Si chiese, in quel preciso momento, se stesse facendo la cosa giusta.

In tanti anni di servizio, aveva accumulato informazioni su ogni angolo della biblioteca, anfratti segreti di quel posto prezioso e unico al mondo. Le stava mettendo adesso a disposizione di due ragazze pressoché sconosciute di cui, sorprendentemente, non sapeva nulla.

Eppure, qualcosa dentro di lei urlava di procedere.

Guardò verso la finestra, nel buio della notte.

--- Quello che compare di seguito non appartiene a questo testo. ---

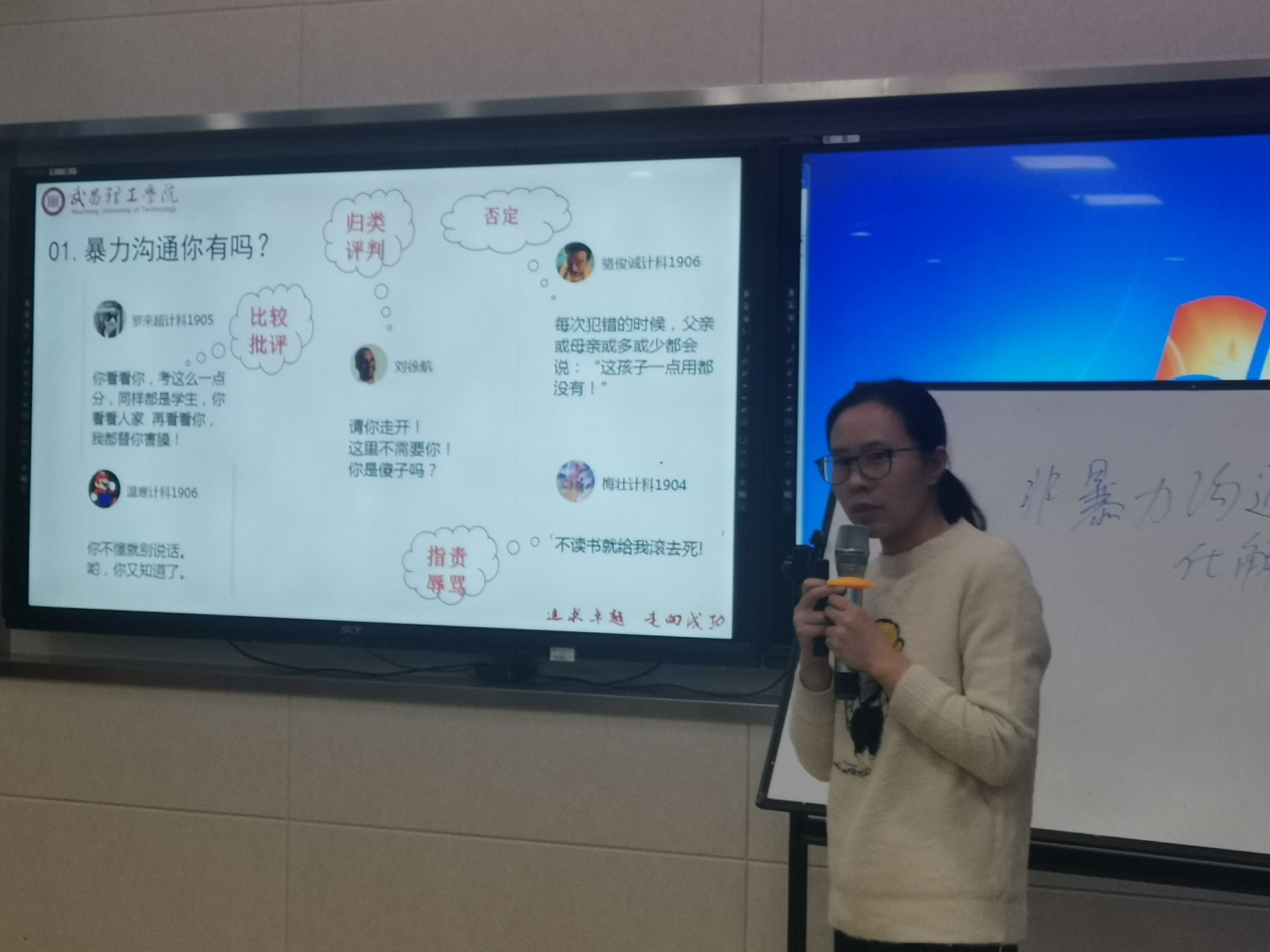 参赛教师按抽签顺序进行授课展示,并现场回答评委提问,评委分别对授 课教师授课展示和现场答辩进行评分。1号选手李芳老师以“如何突破思维定势”为主题,结合习近平总书记重要讲话精神,主要讲授了从解放思想、敢于质疑、转换视角和积累知识四个方面来突破思维定势,并引用习近平总书记对青年的寄语,勉励青年大学生要不为思维定势所固化、不为安逸现状所钝化,积极进行创新活动,为实现中华民族伟大复兴的中国梦贡献青春力量。2号选手陈梅老师针对学生人际关系冲突中的沟通困惑问题,利用云班课中收集的学生经历的暴力沟通案例进行分析,提出解决非暴力沟通的四个要素来化解人际冲突。3号选手邬正阳老师以“创业资源”为主题,主要讲授了创业资源的定义和类别,运用相关案例对人力资源,财务资源,物质资源,技术资源和组织资源四个知识点进行讲述,并根据教学内容的实际情况布置了相关的课后作业和延伸学习资料。4号选手徐蓓老师利用习近平总书记新年贺词引出大学生“追梦”要从学业开始,通过案例引入和分析,指出学业成功包括取得相应的专业学位、具备不断开拓生存领域和发展空间的成功素质,并应将个人理想融入国家发展之中,将个人前途和国家民族命运相结合。
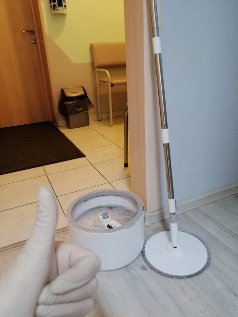 Швабра отличная! Достаточно большая! Ведро легкое и из-за небольшого количества воды удобно поднимать и сливать! Действительно хорошо очищает и отжимает! Легкая, маневренная, хорошо вытерает все! Влагу впитывает и собирает волосы и даже пыль. Но, лучше перед мытьем полов их пропылесосить! Рекомендую всем! Благодарю магазин за удобный и качественный товар! Пришла за неделю в 39 регион. Упакована хорошо!

Forse fu la tensione del momento, forse la stanchezza o forse solo un’allucinazione.

Al di là dell’apertura, sospesa nel vuoto, vide l’immagine di Lidia. Teneva la mano sul vetro, come a cercare un contatto, e la guardava con insistenza.

Ester riconobbe, senza sapere di ricordarlo, il vestito che Lidia indossava il giorno dell’incidente. Giovane, come era giovane quando morì, col sorriso fiero di chi sapeva cosa fare; presenza diversa che non faceva paura e anzi, con gli occhi invitava a sperare.

Ester ricambiò lo sguardo e acconsentì con un movimento della testa, poi fece un sorriso. Quel suo ultimo giorno di lavoro si era trasformato in un’esperienza risolutiva, un’avventura che dava profondità alle sue scelte, al passato, al senso stesso della vita.

Guardò di nuovo la finestra, Lidia non c’era più e il cielo era tornato scuro.

Girò la chiave nella serratura dell’armadietto e lo aprì con attenzione.

– Vi aspetto fuori dalla porta – disse risoluta – abbiate cura di quello che fate.